Work instruction
Please output exactly the part of the records below that opens with the line containing "圖1:神經細胞中C/EBPβ升高引起神經興奮,縮短小鼠生命周期" and closes with the line containing "- Cut Through", both lines included, and nothing else.

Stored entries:
● ● ● ● ●

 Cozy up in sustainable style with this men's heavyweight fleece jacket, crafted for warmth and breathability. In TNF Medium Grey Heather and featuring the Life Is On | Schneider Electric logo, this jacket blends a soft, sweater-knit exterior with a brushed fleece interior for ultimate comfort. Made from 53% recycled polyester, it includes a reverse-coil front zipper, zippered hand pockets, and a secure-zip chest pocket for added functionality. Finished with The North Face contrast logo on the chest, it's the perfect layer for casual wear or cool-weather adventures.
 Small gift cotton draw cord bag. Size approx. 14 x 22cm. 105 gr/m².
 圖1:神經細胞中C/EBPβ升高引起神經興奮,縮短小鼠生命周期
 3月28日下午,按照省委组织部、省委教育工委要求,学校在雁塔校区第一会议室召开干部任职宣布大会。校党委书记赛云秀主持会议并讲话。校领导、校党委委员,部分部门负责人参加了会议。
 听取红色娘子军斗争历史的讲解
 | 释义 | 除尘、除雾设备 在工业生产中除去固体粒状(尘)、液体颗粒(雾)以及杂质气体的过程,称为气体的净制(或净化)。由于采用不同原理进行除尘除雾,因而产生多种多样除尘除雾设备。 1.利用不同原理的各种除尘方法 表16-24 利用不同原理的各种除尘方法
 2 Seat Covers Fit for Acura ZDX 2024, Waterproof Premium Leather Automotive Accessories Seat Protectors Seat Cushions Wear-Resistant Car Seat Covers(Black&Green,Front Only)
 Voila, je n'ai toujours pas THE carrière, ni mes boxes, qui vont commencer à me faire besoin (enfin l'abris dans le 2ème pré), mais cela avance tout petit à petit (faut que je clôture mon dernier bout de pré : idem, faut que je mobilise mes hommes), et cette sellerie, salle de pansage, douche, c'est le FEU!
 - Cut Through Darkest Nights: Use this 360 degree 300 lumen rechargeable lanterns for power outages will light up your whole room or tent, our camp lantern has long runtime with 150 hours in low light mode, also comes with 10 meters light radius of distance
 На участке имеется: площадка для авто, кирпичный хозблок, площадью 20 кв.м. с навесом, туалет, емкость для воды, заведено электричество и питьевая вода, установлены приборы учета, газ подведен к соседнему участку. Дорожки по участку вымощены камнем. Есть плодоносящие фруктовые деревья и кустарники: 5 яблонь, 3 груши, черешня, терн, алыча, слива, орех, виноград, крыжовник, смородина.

● ● ● ● ●

Task response
 圖1:神經細胞中C/EBPβ升高引起神經興奮,縮短小鼠生命周期
 3月28日下午,按照省委组织部、省委教育工委要求,学校在雁塔校区第一会议室召开干部任职宣布大会。校党委书记赛云秀主持会议并讲话。校领导、校党委委员,部分部门负责人参加了会议。
 听取红色娘子军斗争历史的讲解
 | 释义 | 除尘、除雾设备 在工业生产中除去固体粒状(尘)、液体颗粒(雾)以及杂质气体的过程,称为气体的净制(或净化)。由于采用不同原理进行除尘除雾,因而产生多种多样除尘除雾设备。 1.利用不同原理的各种除尘方法 表16-24 利用不同原理的各种除尘方法
 2 Seat Covers Fit for Acura ZDX 2024, Waterproof Premium Leather Automotive Accessories Seat Protectors Seat Cushions Wear-Resistant Car Seat Covers(Black&Green,Front Only)
 Voila, je n'ai toujours pas THE carrière, ni mes boxes, qui vont commencer à me faire besoin (enfin l'abris dans le 2ème pré), mais cela avance tout petit à petit (faut que je clôture mon dernier bout de pré : idem, faut que je mobilise mes hommes), et cette sellerie, salle de pansage, douche, c'est le FEU!
 - Cut Through Darkest Nights: Use this 360 degree 300 lumen rechargeable lanterns for power outages will light up your whole room or tent, our camp lantern has long runtime with 150 hours in low light mode, also comes with 10 meters light radius of distance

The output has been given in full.